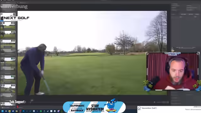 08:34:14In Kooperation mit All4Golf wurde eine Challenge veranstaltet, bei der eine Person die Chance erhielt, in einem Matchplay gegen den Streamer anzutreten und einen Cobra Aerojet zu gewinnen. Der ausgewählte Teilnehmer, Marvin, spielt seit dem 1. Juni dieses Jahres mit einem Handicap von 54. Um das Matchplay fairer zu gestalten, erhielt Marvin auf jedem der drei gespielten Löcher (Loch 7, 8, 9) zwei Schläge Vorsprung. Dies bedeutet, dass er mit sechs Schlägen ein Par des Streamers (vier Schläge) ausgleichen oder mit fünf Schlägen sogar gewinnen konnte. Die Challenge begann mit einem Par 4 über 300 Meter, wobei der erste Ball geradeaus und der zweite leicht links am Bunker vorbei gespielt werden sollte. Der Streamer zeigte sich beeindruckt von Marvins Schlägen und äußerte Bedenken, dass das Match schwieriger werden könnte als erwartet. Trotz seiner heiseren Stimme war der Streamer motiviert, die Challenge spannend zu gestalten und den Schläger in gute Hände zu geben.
==
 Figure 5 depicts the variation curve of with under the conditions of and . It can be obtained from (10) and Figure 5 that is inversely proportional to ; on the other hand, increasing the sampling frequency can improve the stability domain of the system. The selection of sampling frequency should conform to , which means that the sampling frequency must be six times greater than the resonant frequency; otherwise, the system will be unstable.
==
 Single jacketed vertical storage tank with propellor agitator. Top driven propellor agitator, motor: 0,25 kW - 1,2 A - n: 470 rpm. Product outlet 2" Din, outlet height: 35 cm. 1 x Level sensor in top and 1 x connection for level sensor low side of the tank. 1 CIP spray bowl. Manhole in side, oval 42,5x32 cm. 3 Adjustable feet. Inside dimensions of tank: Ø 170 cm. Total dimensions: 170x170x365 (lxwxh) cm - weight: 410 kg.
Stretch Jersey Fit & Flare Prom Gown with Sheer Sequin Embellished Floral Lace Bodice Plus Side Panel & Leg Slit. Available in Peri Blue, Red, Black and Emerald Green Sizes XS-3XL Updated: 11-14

**Work required:**
Begin with the line above that has "Single jacketed vertical" and continue through the line that has "Stretch Jersey Fit", setting each one down exactly. Stop there.

**Exercise output:**
 Single jacketed vertical storage tank with propellor agitator. Top driven propellor agitator, motor: 0,25 kW - 1,2 A - n: 470 rpm. Product outlet 2" Din, outlet height: 35 cm. 1 x Level sensor in top and 1 x connection for level sensor low side of the tank. 1 CIP spray bowl. Manhole in side, oval 42,5x32 cm. 3 Adjustable feet. Inside dimensions of tank: Ø 170 cm. Total dimensions: 170x170x365 (lxwxh) cm - weight: 410 kg.
Stretch Jersey Fit & Flare Prom Gown with Sheer Sequin Embellished Floral Lace Bodice Plus Side Panel & Leg Slit. Available in Peri Blue, Red, Black and Emerald Green Sizes XS-3XL Updated: 11-14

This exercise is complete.